**Work task**
Once you find the line below that has "Já em outra", output it and every line after it exactly, stopping after the line that has "Прикольные бумажки. Они", with no pictures.

BEGIN

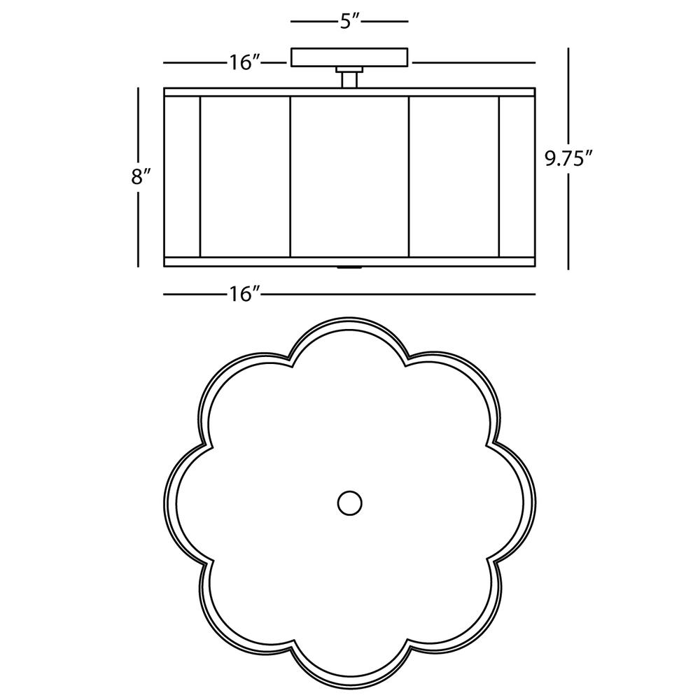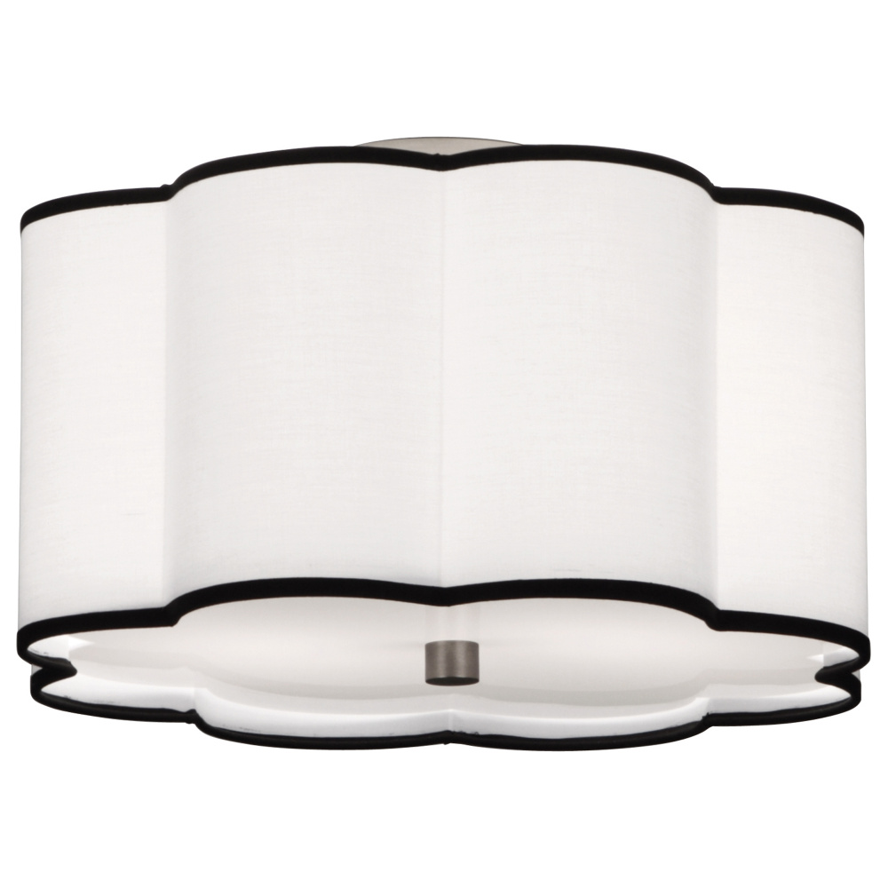 Blackened Antique Nickel Finish Axis Flushmount with Scalloped Ascot White Fabric Shade with Contrasting Trim - Axis features a scalloped design that diffuses the light in a most inviting way and also adds an elegant touch that is subtle and charming.
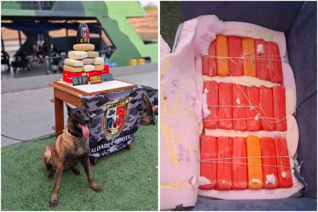 Já em outra apreensão às 6h30, a embarcação F/B Esmeralda, também oriunda do município de Tabatinga, passou pela revista dos policiais da Base Arpão I. Durante a ação, a cadela Havana sinalizou que no interior de dois sofás que se encontravam no convés principal e estava descrito como encomenda, foram encontrados 18 tabletes de pasta base de cocaína e nove tabletes de maconha do tipo skunk.
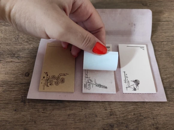 Прикольные бумажки. Они очень малюсенькие, для каких-нибудь милых заметок отлично подойдет. Они без клеющей основы сзади.
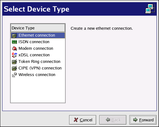 If you are connecting your Red Hat Linux computer to a wireless access point (WAP) or peer-to-peer (also called ad-hoc) network with a wireless (802.11x) network card, then you will need to configure your wireless device. Choose the Wireless Connection, then select the device from the list provided. You can then configure the device for DHCP or fixed IP addresses In the pop-up device configuration window.
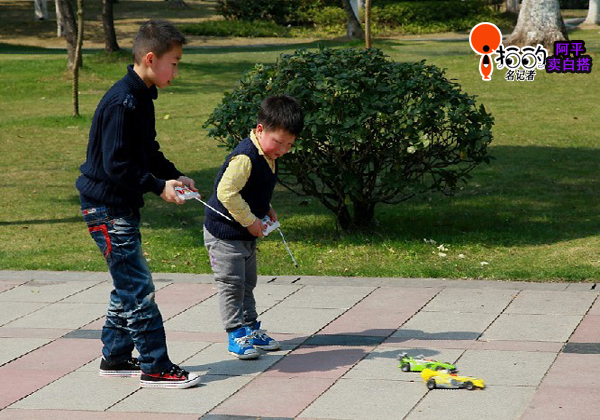 兩個(gè)小男孩在日湖公園玩賽車,足以讓80、90后想起童年的美好時(shí)光。
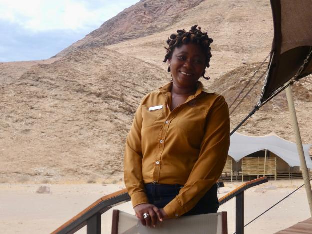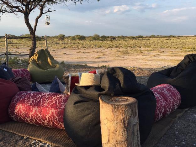 ist es ein Dinner im Hoanib Valley Camp. Thereza, die Managerin für Food and Beverage, versteht ihr Fach. Ihr Team kocht nicht nur famos eine leichte Form der traditionellen, namibischen Küche mit gebratenem Fleisch, Gemüse und Süßkartoffeln, sondern es wird auch apart angerichtet. Wir nehmen am schön gedeckten Tisch im Schein des Lagerfeuers Platz – etwas abseits des Haupthauses, das eigentlich ein Zelt ist. Die Speisen sind teils vorbereitet und werden in kugelförmigen Stoffbehältern warm gehalten. Dieser „Wonderball“ ist aus traditionellen Stoffen genäht, wird oben mit einer Schnur einfach zugezogen und bei Bedarf schnell geöffnet. Ein Accessoire, das wir beim nächsten Besuch sicherlich mitnehmen für die eigene Gartenparty. Auf das Dessert folgte eine sehr persönliche Gesangsdarbietung des gesamten Teams. Leise und melancholische Töne waren ebenso zu hören wie freche Geschichten, die wir leider nicht verstanden aber den Inhalt wir erahnen konnten. Applaus für dieses Gefühl der herzlichen Wärme!

END

**Result for this exercise**
 Já em outra apreensão às 6h30, a embarcação F/B Esmeralda, também oriunda do município de Tabatinga, passou pela revista dos policiais da Base Arpão I. Durante a ação, a cadela Havana sinalizou que no interior de dois sofás que se encontravam no convés principal e estava descrito como encomenda, foram encontrados 18 tabletes de pasta base de cocaína e nove tabletes de maconha do tipo skunk.
 Прикольные бумажки. Они очень малюсенькие, для каких-нибудь милых заметок отлично подойдет. Они без клеющей основы сзади.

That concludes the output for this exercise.